Reading the re.escape()
documentation, it says
Changed in version 3.3: The '_' character is no longer escaped.
Changed in version 3.7: Only characters that can have special meaning in a regular expression are escaped. As a result, '!', '"', '%', "'", ',', '/', ':', ';', '<', '=', '>', '@', and "`" are no longer escaped.
Question is, why #
character is still escaped?
CodePudding user response:
When using re.X
/ re.VERBOSE
option, the #
char becomes special (as does any literal whitespace).

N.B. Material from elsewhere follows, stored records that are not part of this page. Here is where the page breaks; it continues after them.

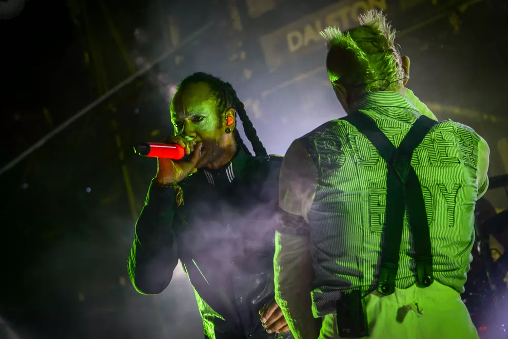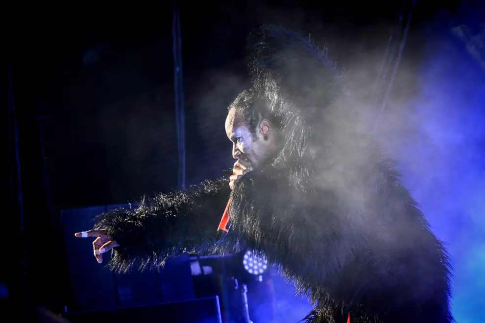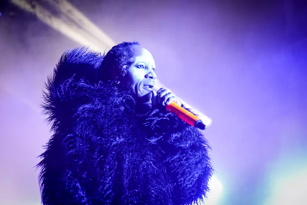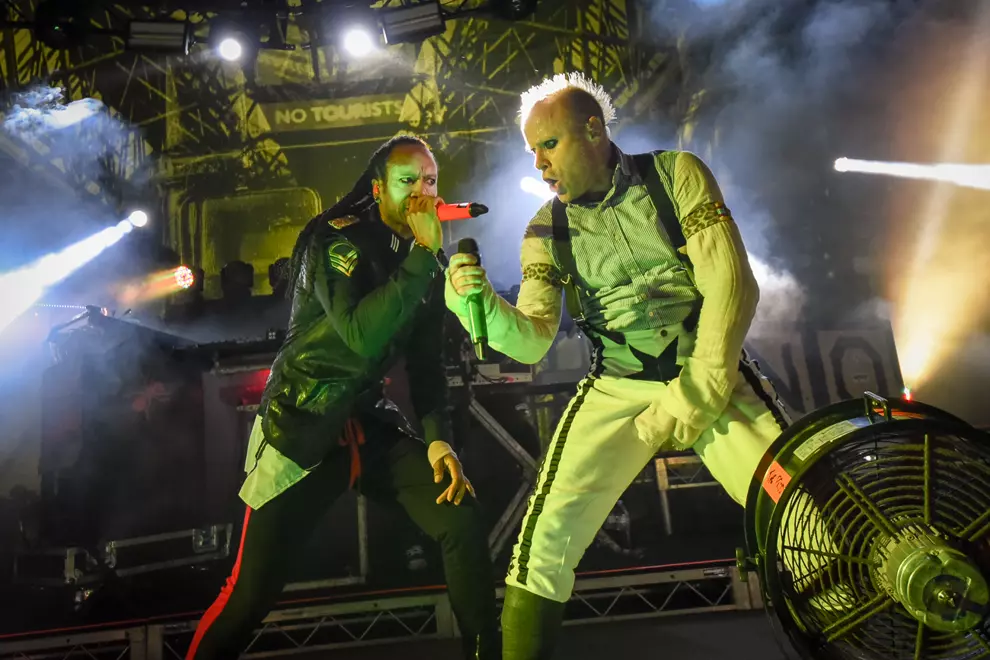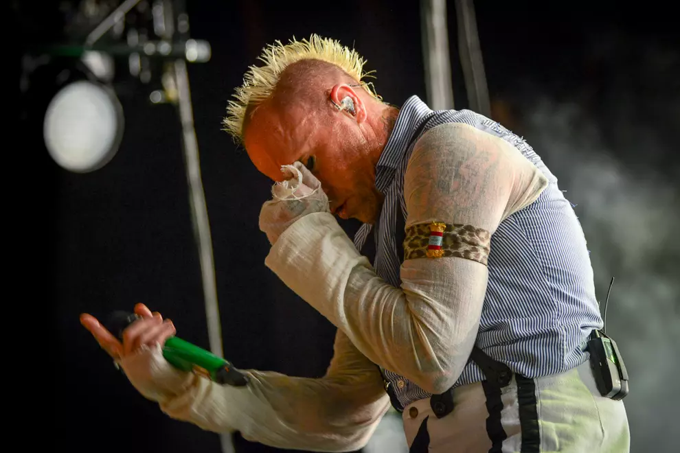 A few hundred people who were previously content presiding over proceedings from atop the hill leg it down to the front, and luckily for them their hastiness is very soon rewarded. A simple changeover has smoke hissing into the damp air and heralds the arrival of the original electronica giants of Essex. The Prodigy have become a well-oiled machine of five players since their humble but noisy start back in 1990. One wonders if age will eventually catch up with manic frontmen Maxim and Keith Flint; they certainly don’t show any signs of slowing down. They pitch the audience into incessant bouncing and air punching with mega-hit Breathe first up, before shedding a full fur suit (Maxim) and white leather with black fringe (Flint) as they launch into Nasty and Voodoo People. Despite Flint’s pierced and tatted flesh and trademark horn locks - on top of raving around like an escaped lunatic - it’s Maxim’s intimidating gaze that draws the eye, especially in crisp chugger The Day Is My Enemy. Flint’s Firestarter is a bit buried under the chaos, but a faultless Light Up The Sky more than makes up for it.
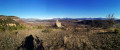 (2) Bifurquer à gauche et traverser ce hameau. La route forestière devient chemin et monte agréablement. On aperçoit bientôt les ruines d'un vieux village que l'on contourne par la droite. Continuer à monter en passant au Nord de ces ruines et arriver sur une grande esplanade où la vue est magnifique.
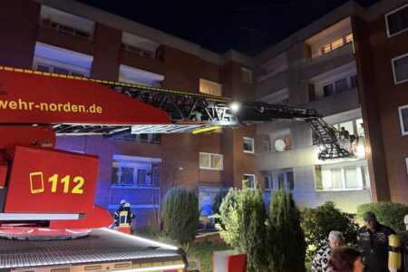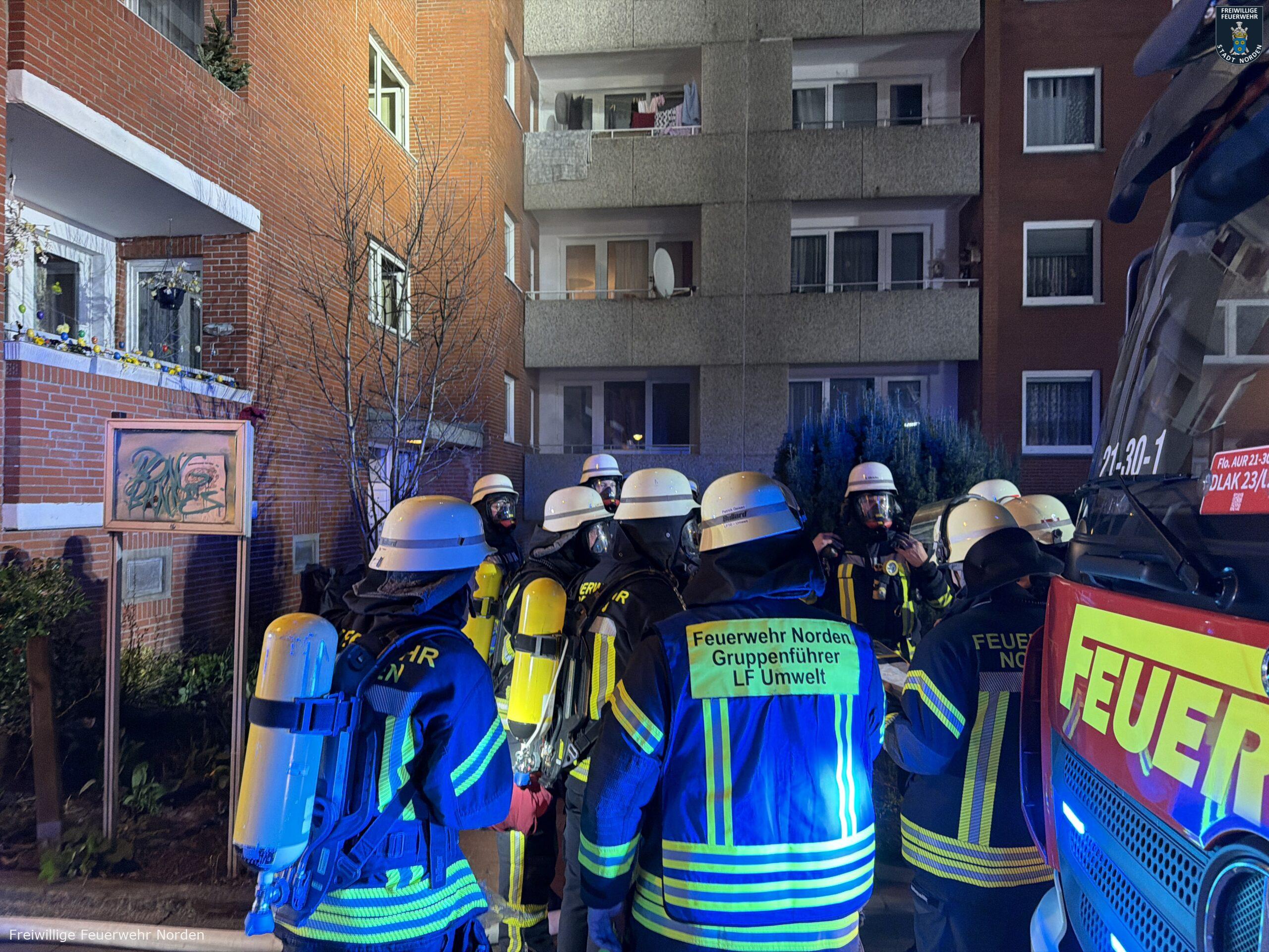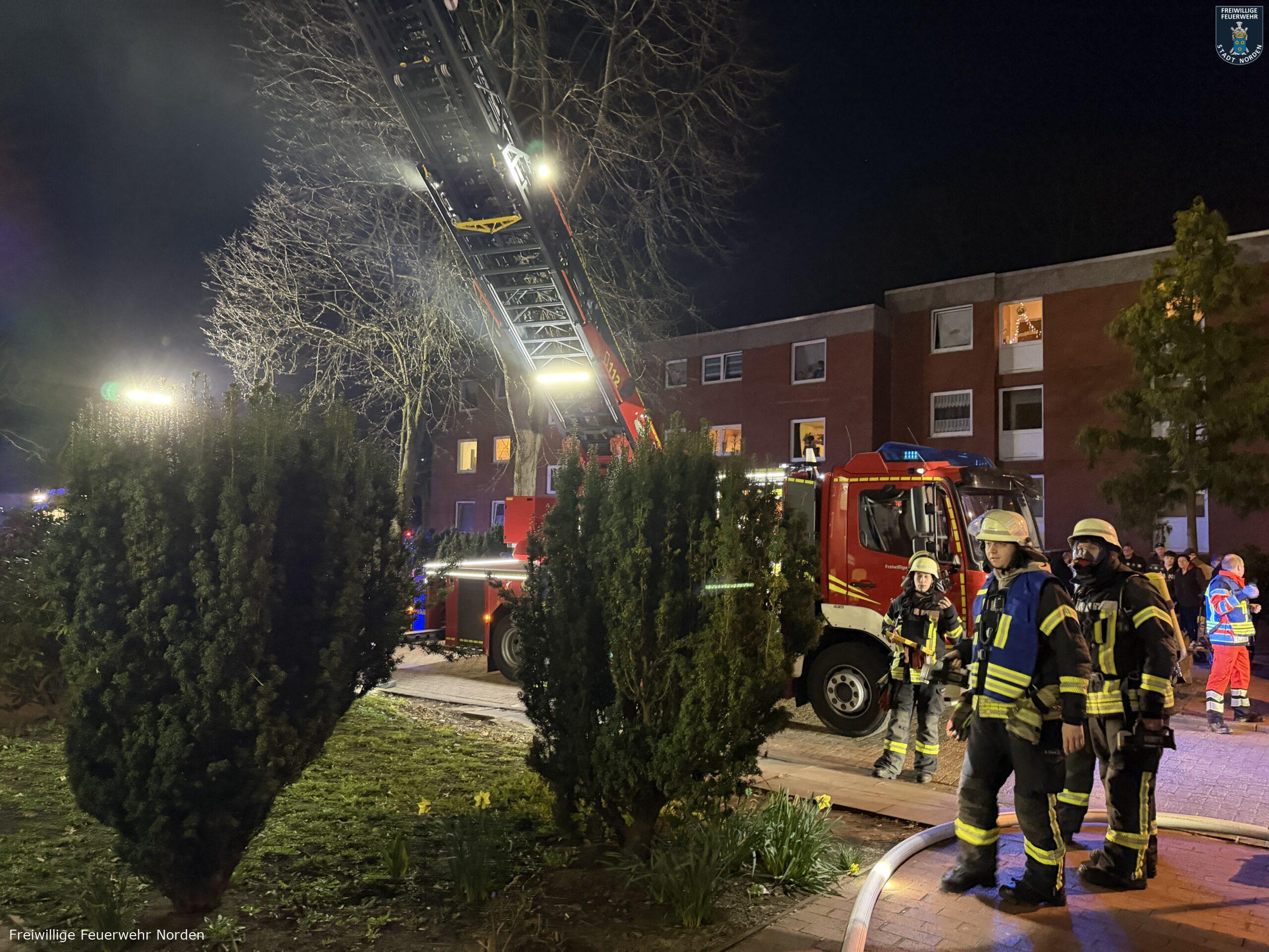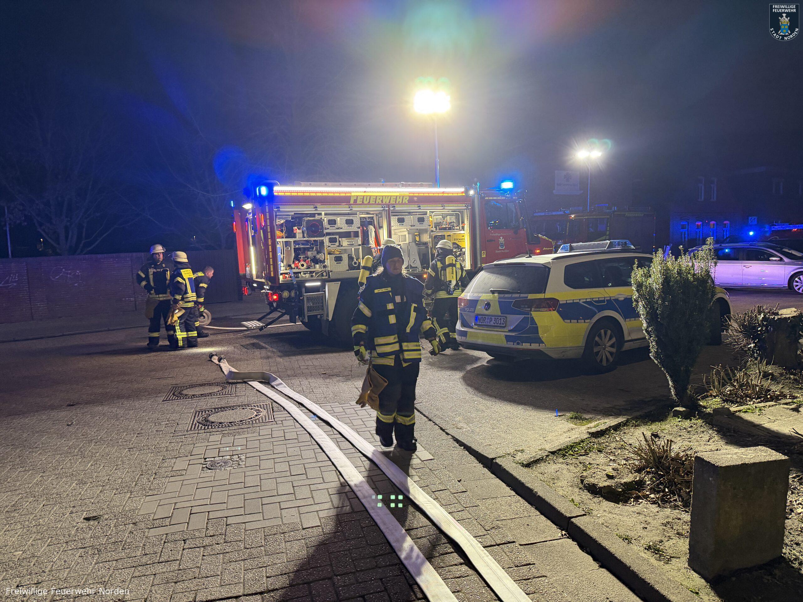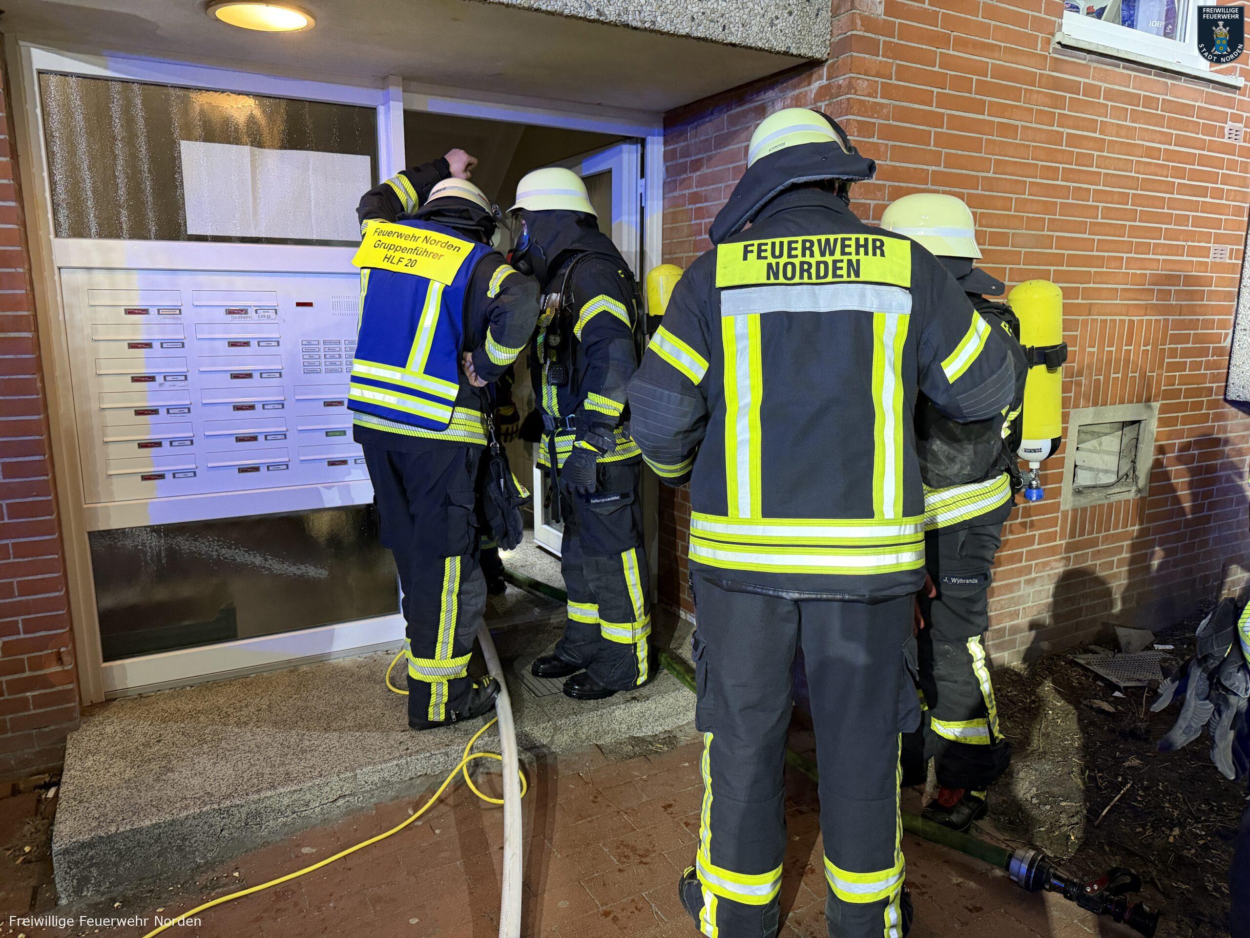 In Norden ist es am Sonntagabend in einem Mehrparteienhaus in der Kirchstraße zu einem Kellerbrand gekommen. Gegen 19.30 Uhr wurde von Anwohnern per Notruf Rauch gemeldet, der aus einem Kellerfenster drang. Die alarmierte Freiwillige Feuerwehr Norden konnte dies vor Ort bestätigen. Der Rauch breitete sich zudem im Keller und im Treppenhaus aus. Als erstes verschloss die Feuerwehr den Keller mit einem Rauchvorhang und begann das Treppenhaus mit einem Hochleistungslüfter zu entrauchen. Schnell war der Fluchtweg damit für die über 20 Hausbewohner wieder hergestellt. Feuerwehr und Polizei begannen dann sofort alle 15 Wohneinheiten zu evakuieren. Mit Hilfe der Einsatzkräfte wurden 15 Hausbewohner, darunter auch mehrere Kinder in Sicherheit gebracht. Sechs Bewohner flüchteten eigenständig.
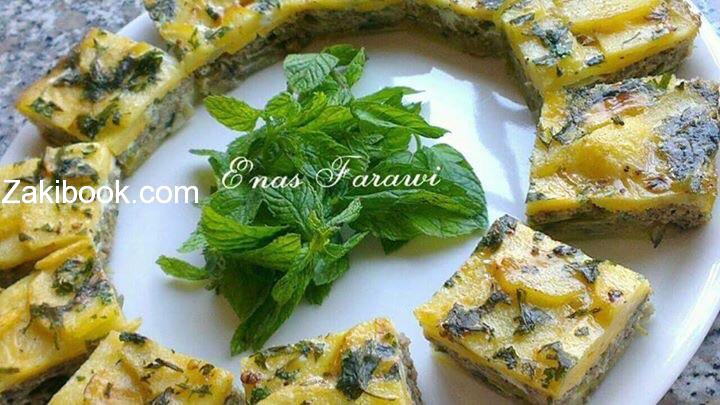 – في طاجين صغير نصف طبقة بطاطا وبعدها طبقة باذنجان وبعدها طبقة الفلفل وبعدها طبقة اللحمة المفرومة ونضرب بيضتين ونتبلهن ونوزعهن عالمفروم نبشر عليه جبنة ونحط طبقة اخرا باذنجان واخيرا البطاطا.

Check the code snippet below:
import re
pattern = "# Something"
text = "Here is # Something"
print( re.search(pattern, text ) )
# => <re.Match object; span=(8, 19), match='# Something'>
print( re.search(pattern, text, re.X ) )
# => <re.Match object; span=(0, 0), match=''>
See the Python demo.
When using re.search(pattern, text, re.X )
there is no match because # Something
is parsed as a comment, the #
marks the single line comment start, all text after it till the line break is ignored in the pattern.
So, re.escape
escapes #
, then it is treated as a literal char when re.X
/ re.VERBOSE
is used:
print( re.search(re.escape(pattern), text, re.X ) )
# => <re.Match object; span=(8, 19), match='# Something'>